The Crying Woman/La Llorona, is a cross-cultural drama about a young American businessman from Houston who is assigned by his company to open an American
fast food restaurant, for Mexican food, in Mexico City.
He and his pregnant wife, a college professor, relocate to Mexico City and move into the home of a struggling architect, a Mexican national of Spanish descent, forced to rent his family's centuries-old hacienda to make ends meet to support his own young family. The hacienda is visited by La Llorona, a spirit who sings her song of sadness in hopes of rescuing the two couples from danger.
The Crying Woman/La Llorona is a two-act play (three women; three men) with music. The story of the play interweaves, metaphorically, the legend of La Llorona
(The Crying Woman), with the lives of the two couples as they struggle to establish a common ground of cultural understanding during a time of economic uncertainty and personal crisis in their respective lives.
The character of La Llorona (a 16th-century Aztec woman), inhabits the stage as a spirit; in her song, she laments the deaths of her two sons, born of her union with the Spanish conquistador, Cortes, while singing her tale of tragedy and warnings of danger to the two couples.
Through its theme and story, the play addresses a wide range of issues: the dangers of miscommunication and cross-cultural misunderstanding; the importance of traditions; the need for recognition of and respect for the values of differing cultures; the destructiveness of economic and cultural imperialism; the distinction between the need for assimilation and the preservation of cultural integrity; the tension between the expression of individual personality and the need for personal recognition as it comes in conflict with interpersonal commitments and to the importance of solidifying the bonds of marital integrity. Although the themes and issues of The Crying Woman/La Llorona are uniquely serious, the play offers a texture that is often quite hilarious and also very moving. In the end, The Crying Woman/La Llorona is a drama of character and circumstance that evolves to an extremely painful, and quite unexpected, climax.

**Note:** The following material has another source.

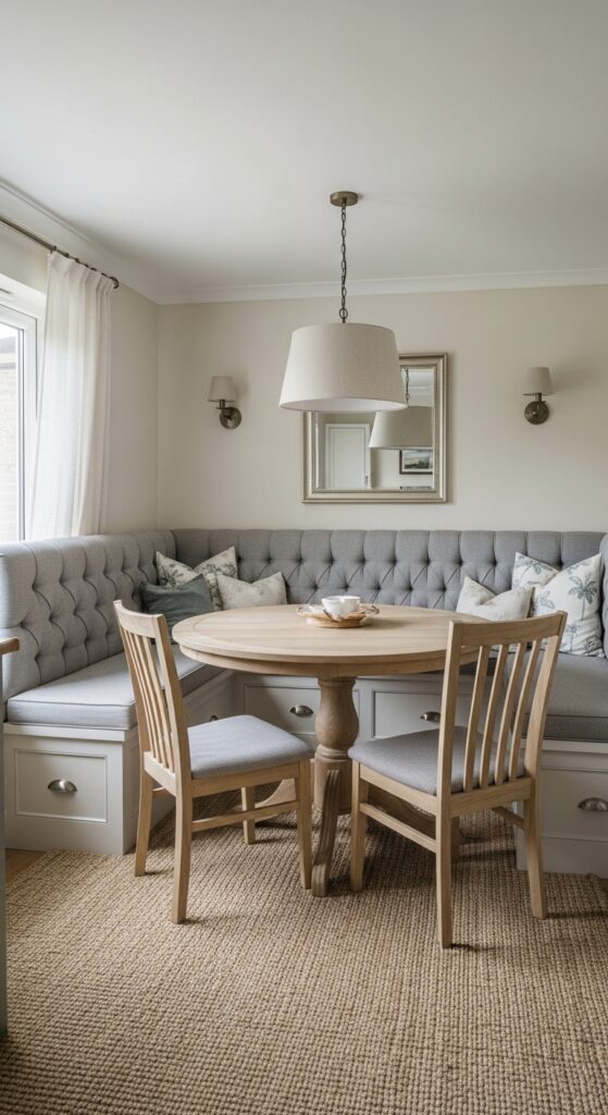Built-in benches optimize layout functionality by eliminating the need for chair backs to clear walkways. Add cushions and pillows for comfort and style. Consider incorporating storage underneath the seating for linens, seasonal items, or dining accessories. Corner space becomes particularly valuable when designing banquette layouts that wrap around dining areas. This approach converts awkward wall space into functional, attractive seating that guests will love.

The play is authored by Kathleen Anderson Culebro, an American playwright of Mexican and American heritage. We have been working with Kathleen for the past 18 months to develop the play to its fullest potential and intend to produce the play in an Off Broadway production next year. An initial staged reading, presented in August 2002 at Repertorio Español, has been followed by four additional developmental read-throughs, co-incident with on-site research in Mexico City and Texas; the play is now essentially complete and ready to be actualized in full production.